Authors Lose Millions in Royalties, Writers’ Group Says Government Is Culpable

Authors Lose Millions in Royalties, Writers’ Group Says Government Is Culpable
Books are shown on a bookshelf in Ottawa on Jan. 7, 2011. (Sean Kilpatrick/The Canadian Press)
Amanda Brown
7/14/2023
Updated:
7/14/2023
0:00

Access Copyright, one of the country’s largest collectives representing 13,000 authors, said it will lay off staff and cut budgets due to the loss of millions in royalties under an Act of Parliament.

The collective announced July 13 that these actions are a direct result of the millions of dollars in royalties being lost as a consequence of the Copyright Act, according to Blacklock’s Reporter.

Cabinet has not yet adopted a recommendation from 2019 from the Standing Committee on Canadian Heritage that it restrain free photocopying currently permitted under the Copyright Act.

“Access Copyright’s board of directors has made the difficult decision to initiate a significant downsizing and restructuring of the organization due to the federal government’s decade-long inaction in fixing Canada’s publishing marketplace,” Access Copyright said in a statement.
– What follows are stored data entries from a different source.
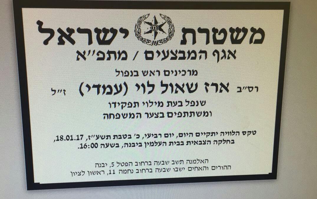 רס"ב ארז לוי ז"ל, שנרצח לפנות בוקר בפיגוע הדריסה בנגב יובא למנוחות היום בשעה 16:00 בבית העלמין ביבנה. אלמנתו תשב שבעה בביתם שברחוב הפטל 5 בעיר. ההורים והאחים ישבו שבעה ברחוב נחמה 11 בראשל"צ
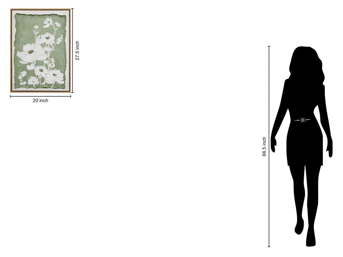"Blossom Serenity II" Hand-Embellished Canvas In Frame - Green / White / Natural Wood
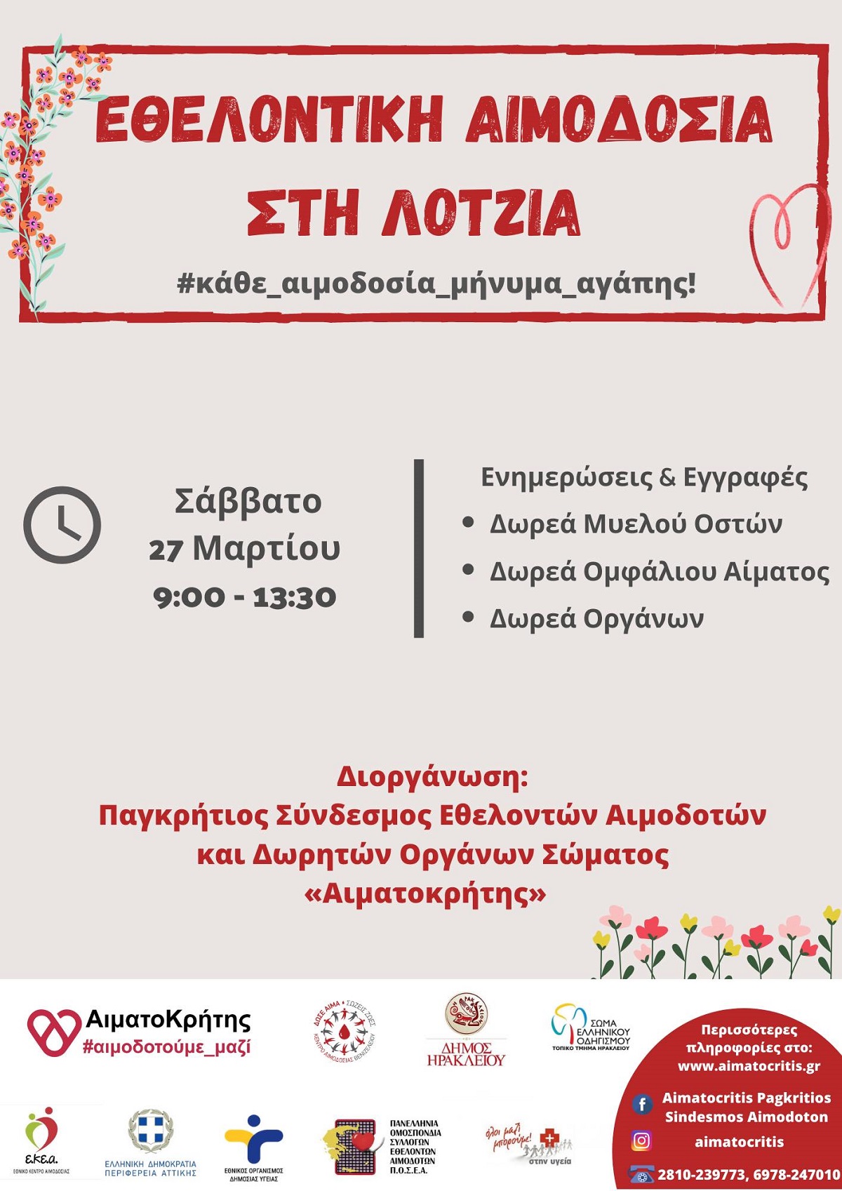 Για οποιαδήποτε διευκρίνιση στα τηλέφωνα: 2810239773 και 6978247010 και e-mail: aimatocritis@hotmail.com -www.aimatocritis.gr
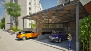60+ modern amenities including clubhouse, gym, pool, kids’ play zones, EV charging bays, and landscaped open spaces.
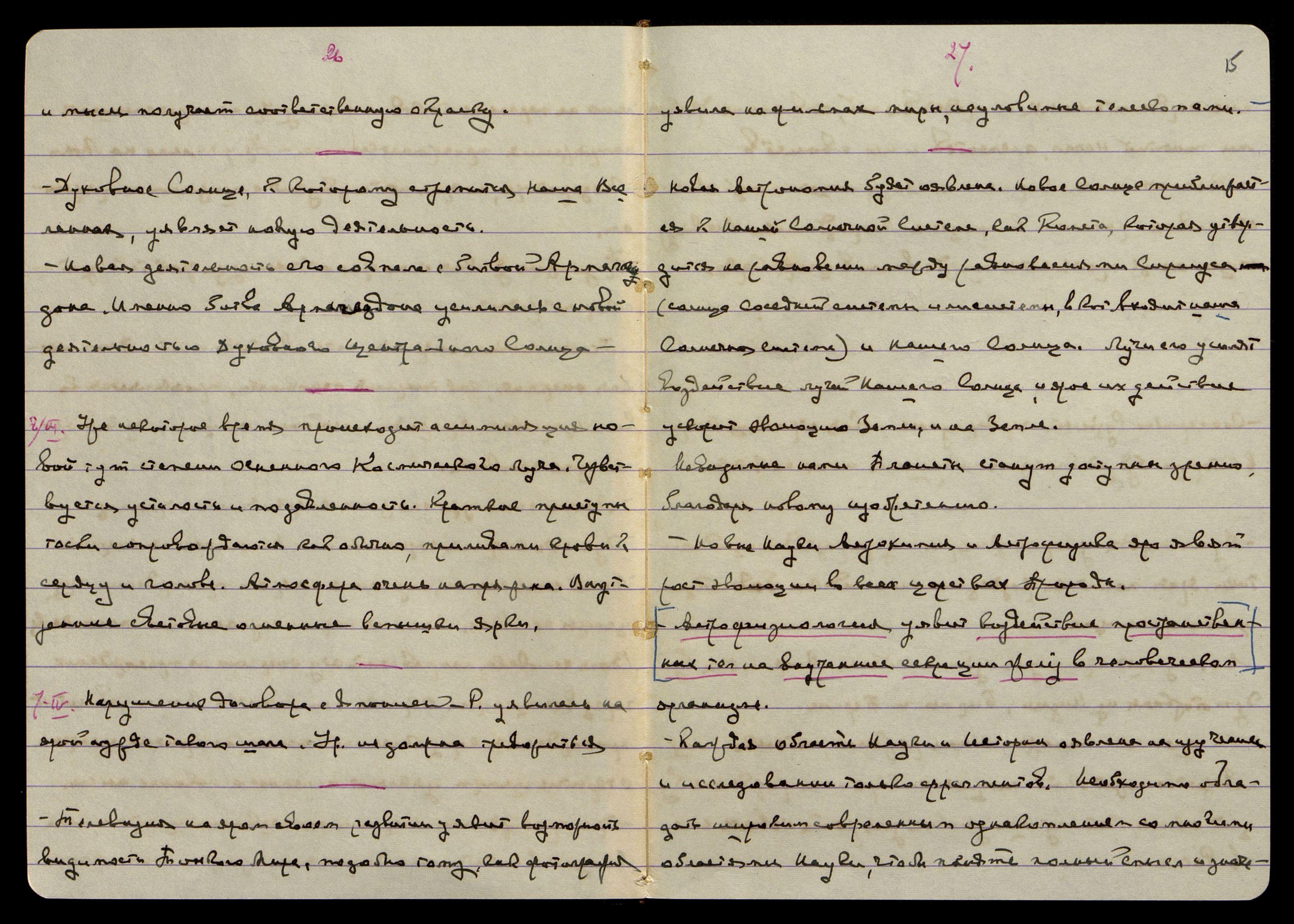 Новая Астрономия будет оявлена. Новое Солнце приближается к Нашей Солнечной Системе, как Комета, которая утвердится на равновесии между равновесиями Сириуса (солнца соседней системы или системы, в кот[орую] входит наша Солнечная система) и нашего Солнца. Лучи его усилят воздействие лучей Нашего Солнца, и ярое их действие ускорит эволюцию Земли и на Земле.
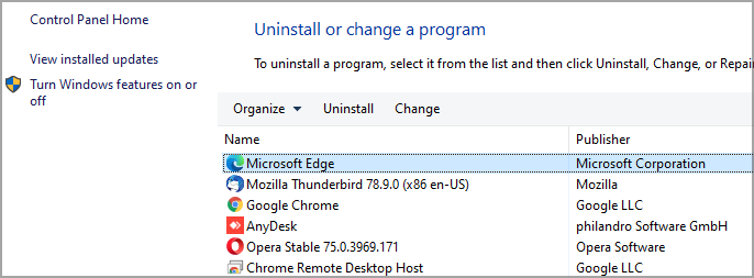 - Откройте Панель управления → Программы и компоненты и выполните удаление.
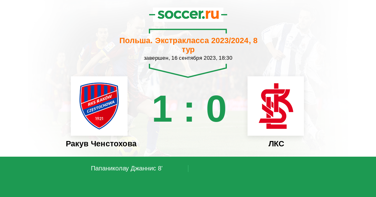 Протокол матча Ракув Ченстохова против ЛКС
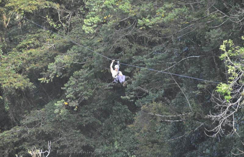A guy comes in for a landing on the zip line.
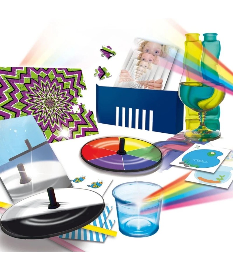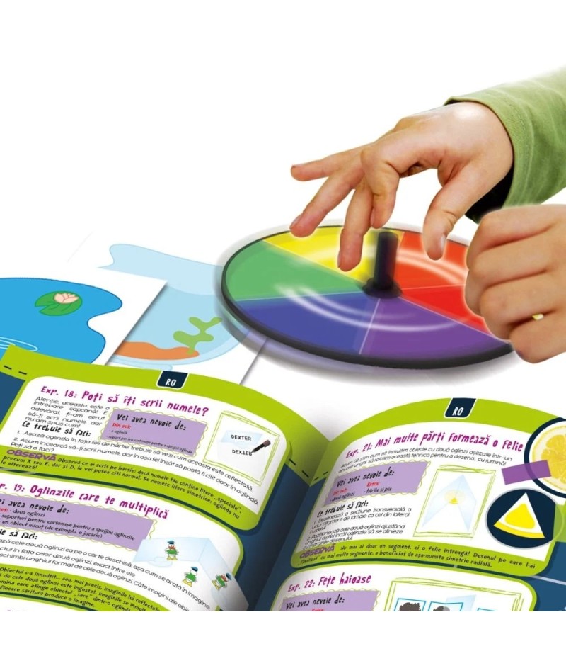 Acest set extraordinar iti ofera posibilitatea de a realiza peste 25 de experimente fascinante, prin care vei descoperi magia luminii si efectele sale asupra culorilor si imaginilor.
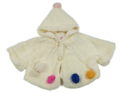 Smetanová kožešinová podšitá bunda s bambulkami a kapucí
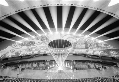 華夏文化展示中心分為展演區(qū)與展示區(qū)兩個(gè)部分,展示區(qū)為古鎮(zhèn)式商業(yè)街,目前已進(jìn)入收尾階段,展演區(qū)為大型激光水舞秀劇場——日月館,去年已試運(yùn)營,效果極佳。別名“黃河巨蛋”的日月館總用地面積為12000平方米,場館外形呈半橢圓形,由兩片獨(dú)立的頂棚覆蓋,場館高30米,寬約80米,內(nèi)設(shè)觀眾席位1450座。場館屋頂?shù)奶煅坶_口和場館地面體現(xiàn)了中國天圓地方的理念以及太陽和月亮的互相映襯。外立面采用了與當(dāng)?shù)貍鹘y(tǒng)屋頂瓦片相呼應(yīng)的獨(dú)特形狀,又像鳥兒折疊的翅膀和羽毛,極富活力和寓意。

The group did not respond to questions, and the scope of job cuts was not outlined, Blacklock’s Reporter said.

“This is 90 percent sitting on the desks of government,” said John Degen, CEO of the Writers’ Union of Canada. “They know what the problem is. They know what damage is being caused. Actual people are losing actual jobs.”

Authors and publishers have lost more than $200 million in royalties since 2012, Access Copyright said.

In 2012, Parliament amended the Copyright Act to allow for the copying of books without royalty payment or having to seek permission from authors or publishers as long as reproduction was for personal research purposes. The spirit of these guidelines is referred to as “fair dealing.”

In the same year, a Supreme Court decision in the case of Alberta v. Access Copyright expanded the private research exception to include the wholesale photocopying of textbooks and literature for use in the classroom.

Supreme Court documents revealed that York University admitted to the distribution of 29 million photocopied books for student course packs. In the absence of permission and financial compensation, lost royalties have amounted to more than $2 million per year.

“It is entirely up to the government at this point,” said Mr. Degen. “The rest of the world is looking at Canada, shocked and dismayed, knowing that we do not protect intellectual property.”

Established in 1988, Access Copyright set out to represent and support authors and publishers in the realm of licensing agreements.

In the absence of collectives, “it leaves it up to individual publishers and authors to have to protect their copyright in the courts,” said Mr. Degen. “That was the reason we created a copyright collective in the first place.”

In a media announcement published on its website July 13, Access Copyright lamented the government dragging its heels on the implementation of the 2019 recommendations, saying as that a direct consequence, its authors’ revenue has plummeted.

“The mass, systemic free copying of creators’ works by Canada’s education sector outside of Quebec since 2012 has led to Access Copyright’s total distributions to rights-holders dropping by 79 percent,” the group said.

“It has also led to the start of the hollowing out of Access Copyright—a key piece of Canada’s cultural infrastructure that Canadian creators and publishers rely on to be fairly compensated for the use of their work.”

In a 2019 report called Shifting Paradigms, the Commons heritage committee recommended Parliament revise the Copyright Act to set limitations on the free photocopying of writers’ and publishers’ commercial works.

“Many writers and publishers noted how their incomes have declined since the changes to ‘fair dealing’ in 2012,” wrote MPs.

The Department of Canadian Heritage in a 2020 report confirmed decreases in sales by Canadian publishers as a result of wholesale photocopying.

“Among publishers with less than $150,000 in revenues, the average profit margin was negative between 2014 and 2017,” said the Evaluation of the Canada Book Fund 2012–2018.